The Q4 recovery to 75.2% non-GAAP gross margin is an encouraging sign that Blackwell unit economics are improving as volumes scale. Management has guided Q1 FY2027 gross margins to approximately 71%, suggesting another transitional quarter before the expected drift back toward the mid-70s. Investors who have modeled mid-70s margins through FY2027 should treat that as an aspiration rather than a certainty until the data confirms it.
Free Cash Flow: The Number That Doesn’t Get Enough Credit
NVIDIA generated $96.58 billion in free cash flow for the full fiscal year FY2026. To put that in context: that is more free cash flow than most S&P 500 companies generate in total revenue. The $34.9 billion in Q4 free cash flow alone represents a 124.4% year-over-year increase and it is being generated with capital expenditure requirements that remain modest relative to the revenue base, since NVIDIA designs chips but does not fabricate them.
That FCF machine is what funds the $50 billion share repurchase program NVIDIA has been executing, as well as the dividend. It also provides the financial flexibility to invest in software, systems integration, and the emerging physical AI stack that Huang outlined as the next chapter of growth.
What Jensen Huang Is Actually Saying
The management tone grade of A reflects something more than polished optimism. Huang’s framing on the earnings call was notably forward-leaning in ways that go beyond the typical guidance beat. His declaration that the age of “physical AI” has arrived — encompassing robotics, autonomous vehicles, industrial automation, and sovereign AI infrastructure — is a deliberate signal that NVIDIA’s addressable market is expanding, not plateauing.
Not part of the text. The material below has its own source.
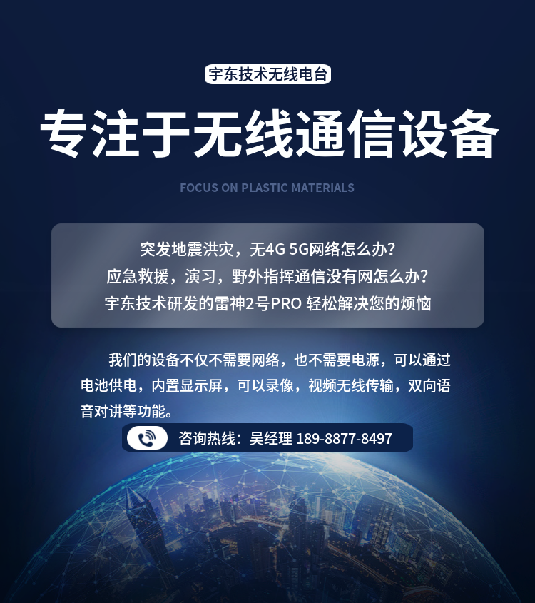 雷神2號PRO 便攜式手提箱版本高清無線圖傳電臺,是公司針對應急救援指揮、公安、反恐作戰、消防救援、邊防執勤、海警海關巡檢、部隊拉練演習、森林消防等,在突發重大事件,斷網斷電,通信中斷的情況下,現場工作人員通過宇東雷神系列單兵圖傳電臺,把現場采集的數據實時無線傳輸到指揮車/臨時指揮部大屏幕,讓指揮部領導對現場情況一目了然,節省了到達現場的時間,可快速做緊急指揮調度,最大限度的減少突發事件帶來的各種損失,宇東雷神2號plus單兵電臺支持雙向語音對講系統,現場工作人員可以和指揮部通話,接受領導發送的各種指令。
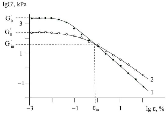 For the kaolinite–PDADMAC composite, Figure 5 shows the typical strain dependences of storage modulus G′ and loss modulus G″. When the strain increases, both G′ and G″ decrease due to mechanically stimulated destruction of the sample structure. At a certain strain εin, the above dependencies intersect, providing the inversion of the elastic and viscous response of the sample. For all samples studied, the values of both initial storage modulus G′0 and initial loss modulus G″0 estimated at strain are not above 0.01 %, as well as the values of storage modulus G′in and strain εin corresponding to the inversion point (Figure 5) are shown in Table 1.

The Rubin GPU architecture, succeeding Blackwell, represents the next compounding catalyst on the hardware roadmap. NVIDIA has not provided formal mass shipment timing for Rubin, but the implication from the product cadence is a late calendar 2026 introduction. If Rubin ramps with anywhere near the velocity of Blackwell, the FY2028 revenue trajectory becomes a very different conversation.